### About this task
A faithful copy of the data is what is wanted, minus any pictures.

### Data provided

-- Opening Marker --

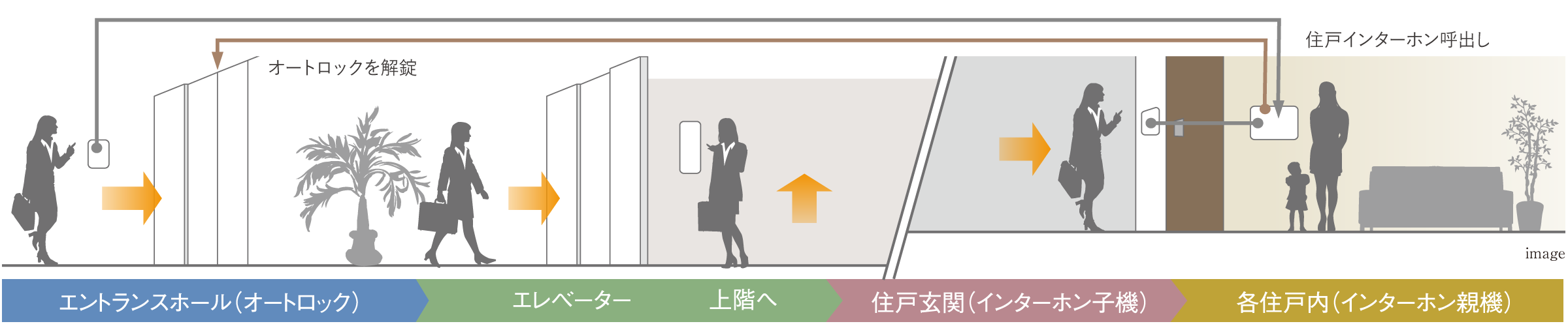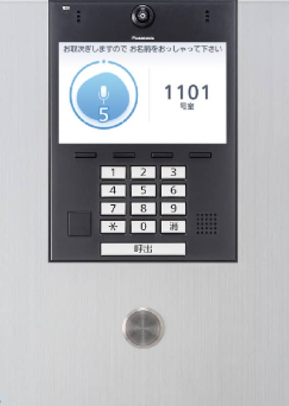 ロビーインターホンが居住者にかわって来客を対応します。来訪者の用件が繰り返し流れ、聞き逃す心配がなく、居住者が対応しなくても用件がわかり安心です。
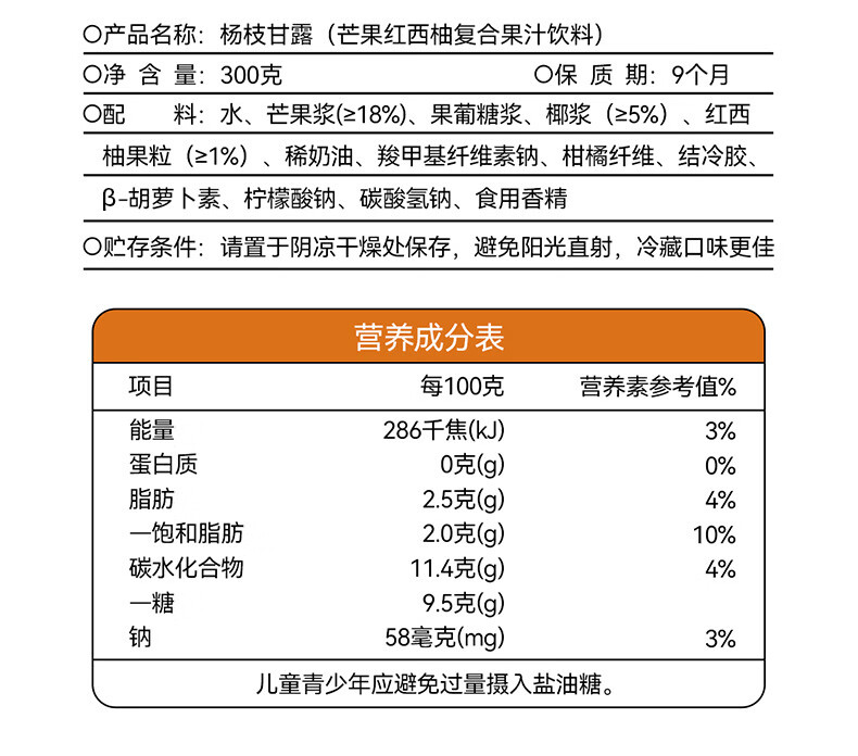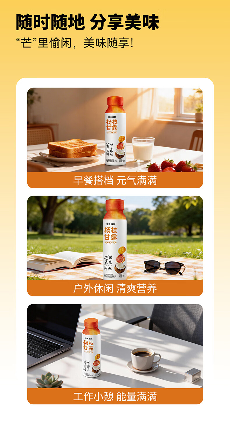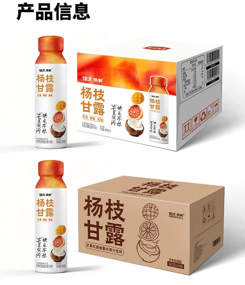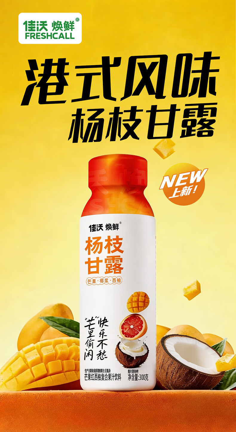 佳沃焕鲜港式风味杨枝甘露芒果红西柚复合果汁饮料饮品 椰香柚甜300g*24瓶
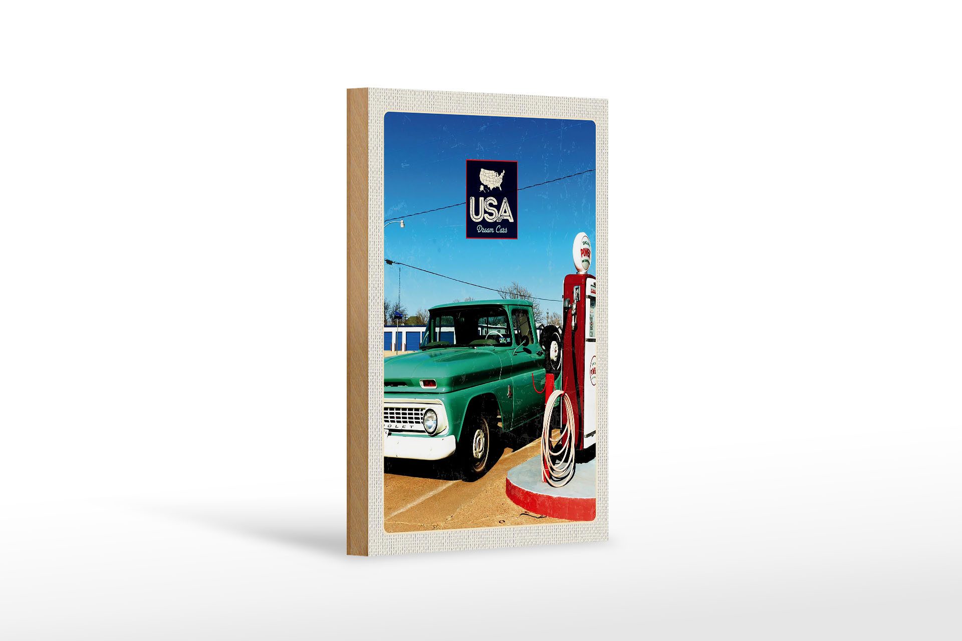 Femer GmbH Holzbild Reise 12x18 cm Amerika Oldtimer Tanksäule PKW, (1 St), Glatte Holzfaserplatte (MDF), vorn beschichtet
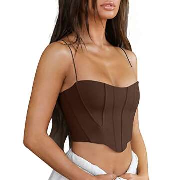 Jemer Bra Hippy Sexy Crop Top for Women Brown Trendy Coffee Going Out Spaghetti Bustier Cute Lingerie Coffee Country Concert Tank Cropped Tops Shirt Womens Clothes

-- Closing Marker --

### Response area
 ロビーインターホンが居住者にかわって来客を対応します。来訪者の用件が繰り返し流れ、聞き逃す心配がなく、居住者が対応しなくても用件がわかり安心です。
 佳沃焕鲜港式风味杨枝甘露芒果红西柚复合果汁饮料饮品 椰香柚甜300g*24瓶
 Femer GmbH Holzbild Reise 12x18 cm Amerika Oldtimer Tanksäule PKW, (1 St), Glatte Holzfaserplatte (MDF), vorn beschichtet
 Jemer Bra Hippy Sexy Crop Top for Women Brown Trendy Coffee Going Out Spaghetti Bustier Cute Lingerie Coffee Country Concert Tank Cropped Tops Shirt Womens Clothes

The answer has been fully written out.